There is a significant need for effective therapies to treat recurrent/metastatic (R/M) adenoid cystic carcinoma (ACC). This study evaluated the multitargeted VEGFR tyrosine kinase inhibitor (TKI) regorafenib in patients with R/M ACC.

Patients and Methods:

Patients with progressive R/M ACC were treated with regorafenib until disease progression, consent withdrawal, or excessive toxicity. The co-primary endpoints were best overall response and 6-month progression-free survival (PFS). Genomic and transcriptomic biomarker analyses were performed in tumors from trial participants.

Results:

Thirty-eight patients were enrolled, including 7 (18%) patients with prior VEGFR TKIs. No objective responses were observed. The 6-month PFS was 45%, and the median PFS was 7.2 months (95% confidence interval, 5.2–11.9 months). The presence of either activating NOTCH1 (22%) or KDM6A alterations (24%) was associated with decreased PFS [HR 2.6; 95% confidence interval (CI), 1.1–6.1; P = 0.03]. Bulk RNA sequencing of pretreatment tumors revealed that regorafenib clinical benefit (CB; PFS ≥ 6 months; n = 11) was associated with the native enrichment of immune-related signatures.

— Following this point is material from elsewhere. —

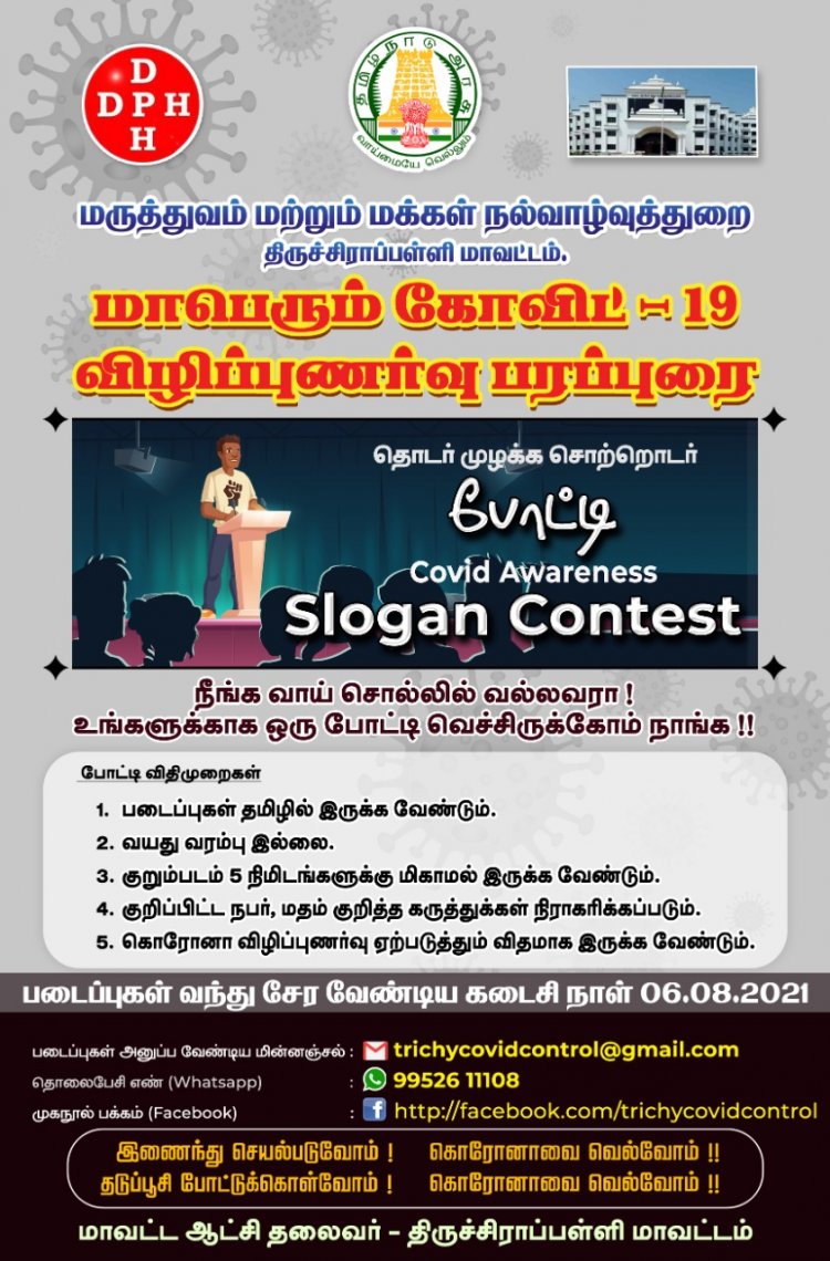 விழிப்புணர்வு போட்டிகள் நடைபெற இருக்கின்றது. இப்போட்டிகள் குறித்து மாவட்ட ஆட்சியர் வெளியிட்டுள்ள அறிக்கையில் குறிப்பிட்டிருப்பதாவது, குறும்படபோட்டி, மீம் (MEME) உருவாக்கும் போட்டி, தொடர் முழக்க சொற்றொடர் போட்டி (Covid Awareness Slogan) கொரானா விழிப்புணர்வு ஒட்டிகள் உருவாக்கம். (Covid Awareness Poster Designing) ஆகியவை நடைபெறவுள்ளது.

Immune deconvolution revealed a greater degree of macrophage and T-cell infiltration in CB tumors. Tumors from patients with no clinical benefit (NCB; PFS < 6 months; n = 9) had greater expression of signatures related to cell-cycle progression (E2F targets, G2–M checkpoint).

Conclusions:

The trial failed to meet the prespecified 6-month PFS and best overall response targets. We hypothesize that TKI efficacy may be reliant upon an interplay between kinase inhibition and the ACC immune microenvironment, whereas programs promoting cell-cycle progression may contribute to TKI resistance. These observations suggest that trials evaluating CDK4/6 inhibition plus a VEGFR TKI should be considered.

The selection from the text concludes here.